Черт, точно! Мне же Ласло должен звонить по поводу завтрашней поездки! Некрасиво получилось, прямо скажем, он ведь мог подумать, что я «заднего» включил. Я бы так и подумал, что греха таить?
Но хорошо, что я звук убрал, когда в клинику входил. Что если бы Карл Августович, под предлогом того, что «это может быть важный для мальчика звонок», с тем же мадьяром пообщался? Кто знает, что из этого получилось бы? Полагаю, ничего хорошего.

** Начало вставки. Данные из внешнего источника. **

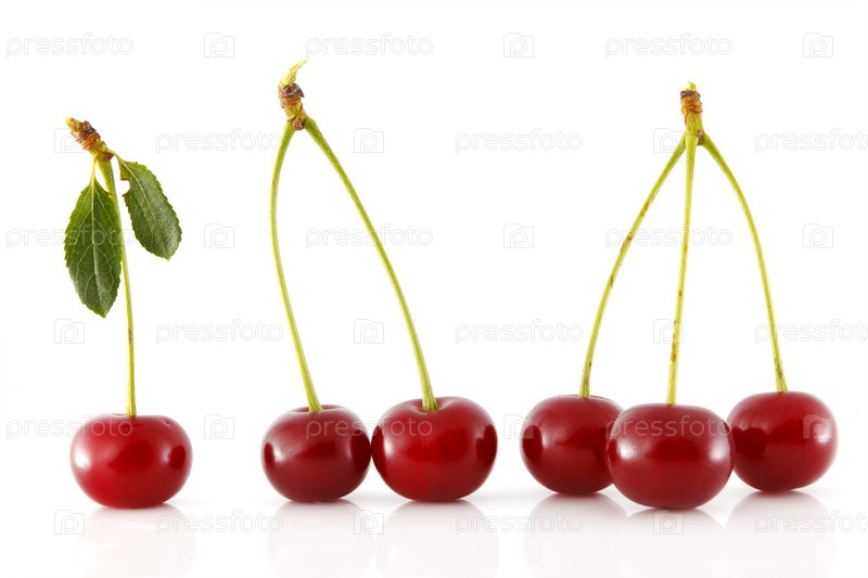 Несколько вишен с веточками, изолированные на белом фоне

Ладно, сейчас выйду из клиники — наберу.
— …здоровье — это очень важный фактор, — закончил тем временем свою просветительскую речь Вагнер. — Ну и потом — мне очень не хочется ссориться с вашим отцом. Он в большой дружбе с Потоцким, как вы, возможно, знаете, а тот, в свою очередь, поставляет нашей клинике аппаратуру с изрядной скидкой.
— Не поссоритесь, — успокоил я доктора. — Мы давно не общаемся, потому повода для переживаний нет. И вообще — просто обнаружьте с остальными мое отсутствие, разыграйте сценку «как же так», поругайте охрану, которая меня выпустила с территории, да и все. А я вас не выдам. Слово даю!
— Так она вас на самом деле не выпустит, — заметил Вагнер. — У нас с этим строго. Тем более в ночное время.
— Кстати — который час? — заинтересовался я. — Небось около полуночи?
— Вроде того, — подтвердил Петр Францевич. — Десять минут двенадцатого.
— Ого. — Я потянулся. — Тогда мне точно пора. Еще пятьдесят минут, и карета станет тыквой.
— Валерий, — остановил меня голос Вагнера у самой двери, когда я уже взялся за ручку, причем его тембр разительно отличался от того, что был минуту назад. — Еще один вопрос, если можно.
— Какой? — повернулся я к нему. — Если вы снова о маме…
— Нет-нет… — Врач замялся, и это было непривычно. Вагнер всегда производил впечатление очень уверенного в себе человека, он всегда излучал позитив. А тут — гляди-ка. — Другое… Валерий, вы из них?
— Из кого? — опешил я. — Петр Францевич, вопрос не вполне понятен. Вернее — ответ на него очень уж многовариативен.
— Из них, — отвел глаза в сторону доктор. — Из тех, кто умеет больше, чем дозволено природой.
О как. Это уже интересно. Нет, дружба этого человека со Шлюндтом подразумевает то, что он может знать больше, чем обычный обыватель, но речь-то точно идет не про антиквара.
— Знаете, события последнего года здорово пошатнули мое привычное мировоззрение, — продолжал тем временем Вагнер. — До встречи с… С одним из ваших коллег, скажем так, я твердо был уверен в том, что все на свете можно объяснить с научной точки зрения. Вообще все. А теперь, после того что я видел тогда, да и сегодня… Но даже представить не мог, что вы, мальчик из такой хорошей семьи… Нет-нет, я не считаю ваши занятия предосудительными, но все же!
Я молчал, слушал, смотрел на него и гадал, кем же был тот, кто так лихо управился с Петром Францевичем. И мое молчание заставило моего собеседника начать нервничать.
— Собственно, все, что я хотел сделать, это поблагодарить вас за помощь моей клинике и отдать вот это. Мне кажется, так будет правильно.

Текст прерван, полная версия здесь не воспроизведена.